RECORDED DATA:

--- START ---

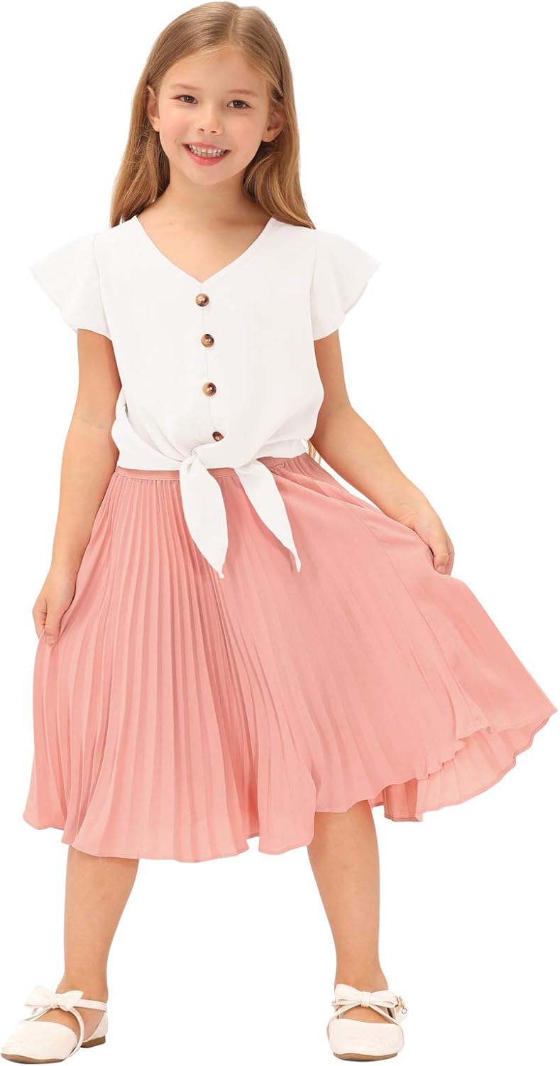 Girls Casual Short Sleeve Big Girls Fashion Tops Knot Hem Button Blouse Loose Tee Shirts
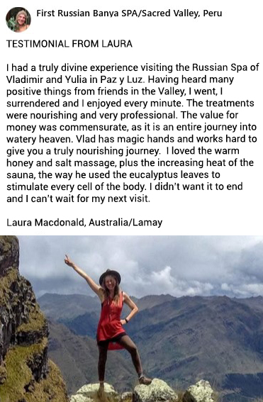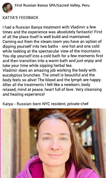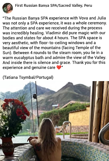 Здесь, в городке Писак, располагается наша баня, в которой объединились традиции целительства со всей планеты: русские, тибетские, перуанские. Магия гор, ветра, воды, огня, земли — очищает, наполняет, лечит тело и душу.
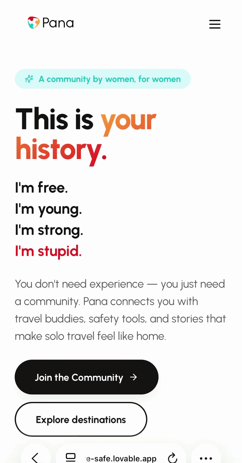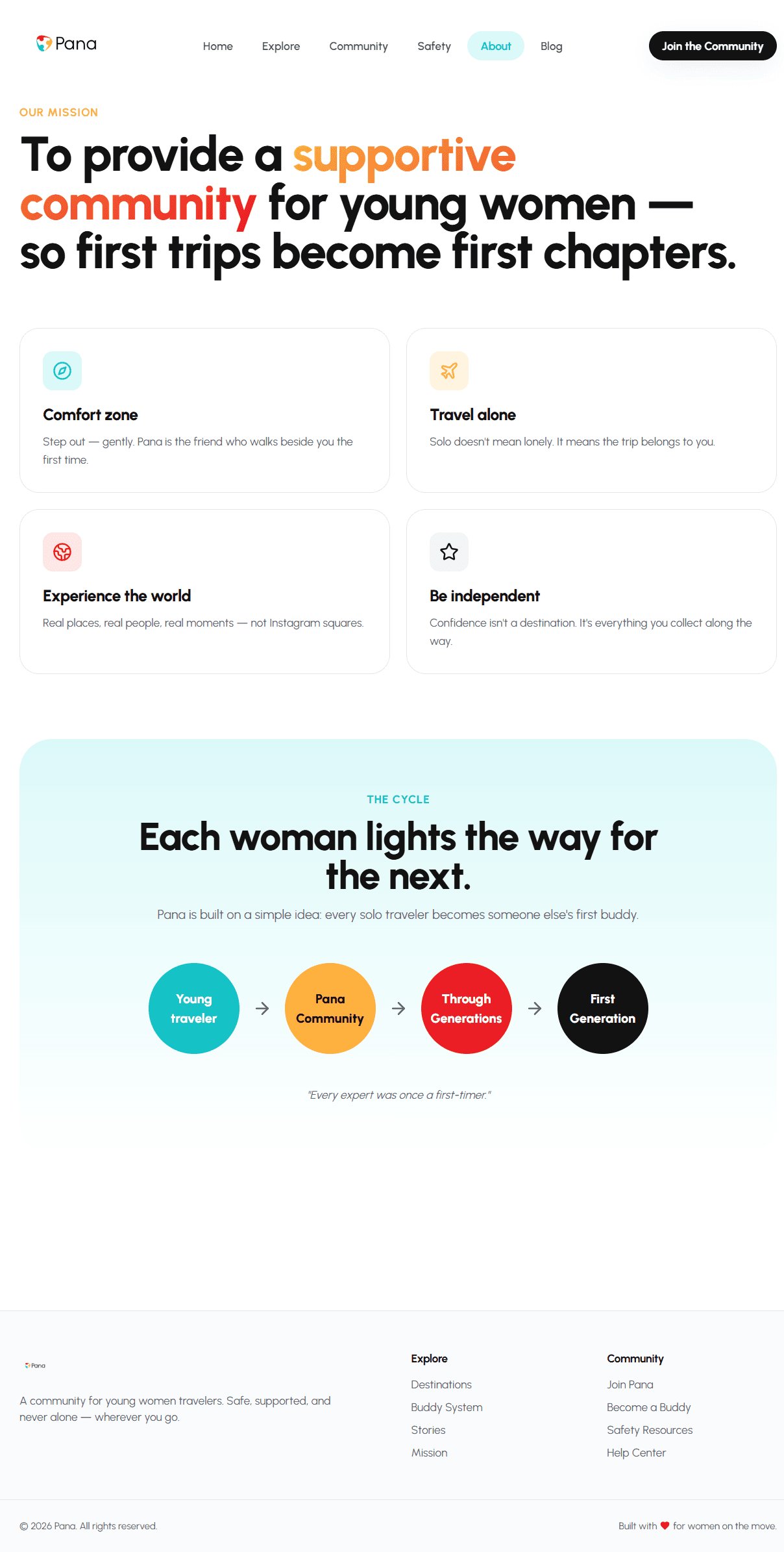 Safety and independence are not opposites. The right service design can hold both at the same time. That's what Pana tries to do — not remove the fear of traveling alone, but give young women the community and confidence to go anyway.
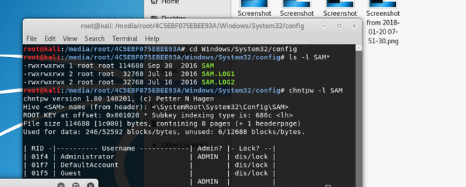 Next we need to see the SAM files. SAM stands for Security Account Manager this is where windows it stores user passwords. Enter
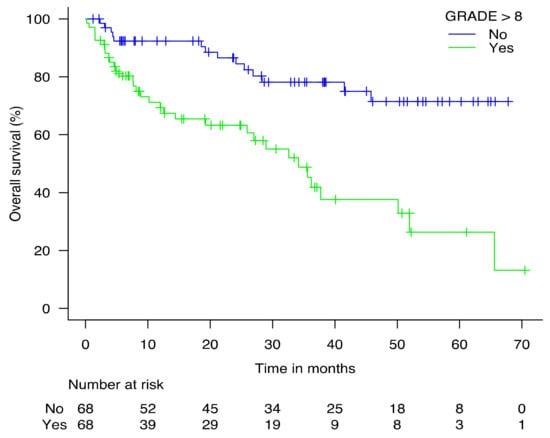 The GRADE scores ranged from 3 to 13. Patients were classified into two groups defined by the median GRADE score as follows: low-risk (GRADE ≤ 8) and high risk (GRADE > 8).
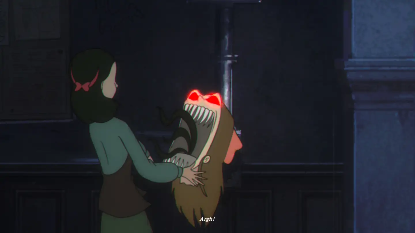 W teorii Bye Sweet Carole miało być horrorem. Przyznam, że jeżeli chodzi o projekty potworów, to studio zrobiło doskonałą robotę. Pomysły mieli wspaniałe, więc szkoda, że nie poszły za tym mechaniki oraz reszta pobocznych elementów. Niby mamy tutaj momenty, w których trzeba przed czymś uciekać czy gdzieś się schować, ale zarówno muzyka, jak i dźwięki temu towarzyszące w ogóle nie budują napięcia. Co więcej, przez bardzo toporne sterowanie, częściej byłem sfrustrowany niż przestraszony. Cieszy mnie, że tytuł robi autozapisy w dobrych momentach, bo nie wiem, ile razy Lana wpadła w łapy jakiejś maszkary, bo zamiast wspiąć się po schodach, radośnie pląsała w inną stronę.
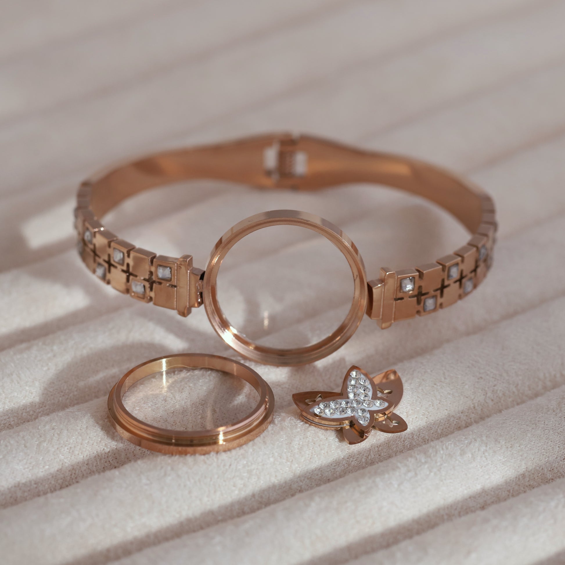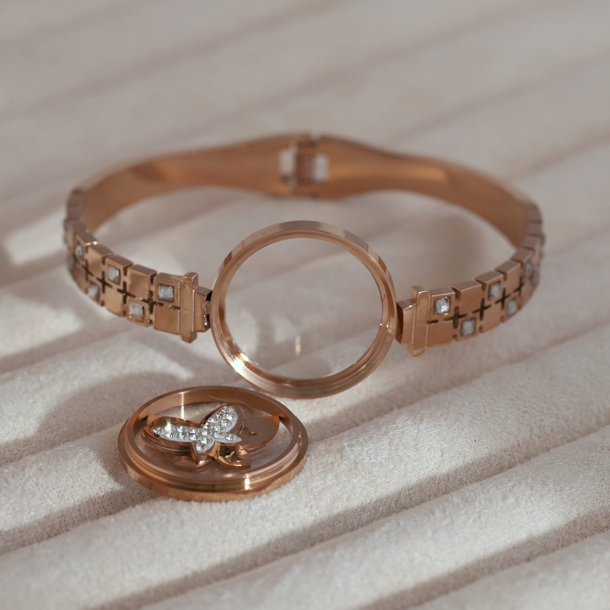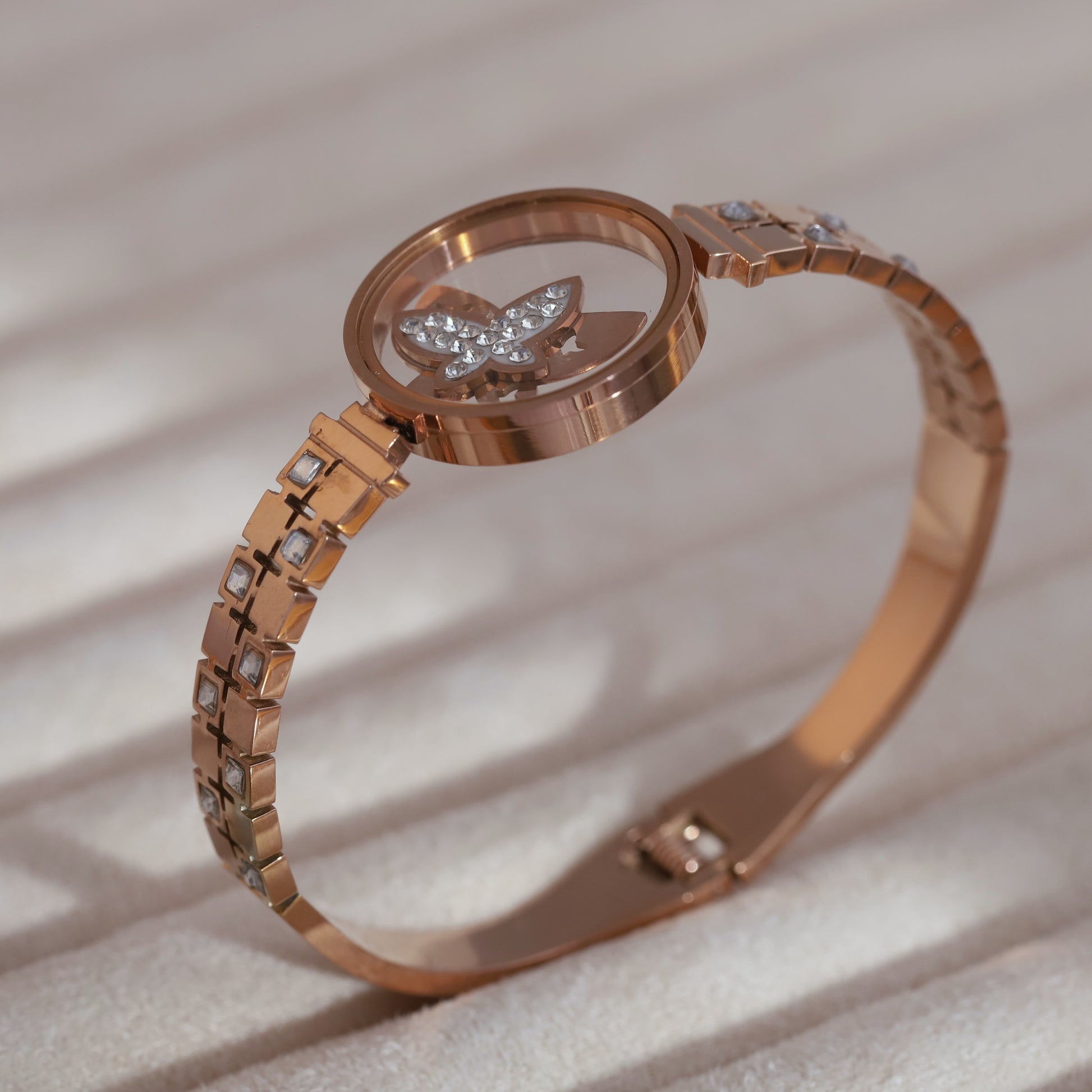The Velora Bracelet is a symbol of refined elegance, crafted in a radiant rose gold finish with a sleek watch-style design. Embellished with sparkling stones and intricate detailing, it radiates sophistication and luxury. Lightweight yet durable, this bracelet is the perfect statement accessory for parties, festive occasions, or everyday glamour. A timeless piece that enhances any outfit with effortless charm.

--- END ---

DIRECTIONS: Please repeat, with no pictures, each line from the start of the records above through the line with "Здесь, в городке", inclusive, and only those.

SOLUTION TO THE EXERCISE:
 Girls Casual Short Sleeve Big Girls Fashion Tops Knot Hem Button Blouse Loose Tee Shirts
 Здесь, в городке Писак, располагается наша баня, в которой объединились традиции целительства со всей планеты: русские, тибетские, перуанские. Магия гор, ветра, воды, огня, земли — очищает, наполняет, лечит тело и душу.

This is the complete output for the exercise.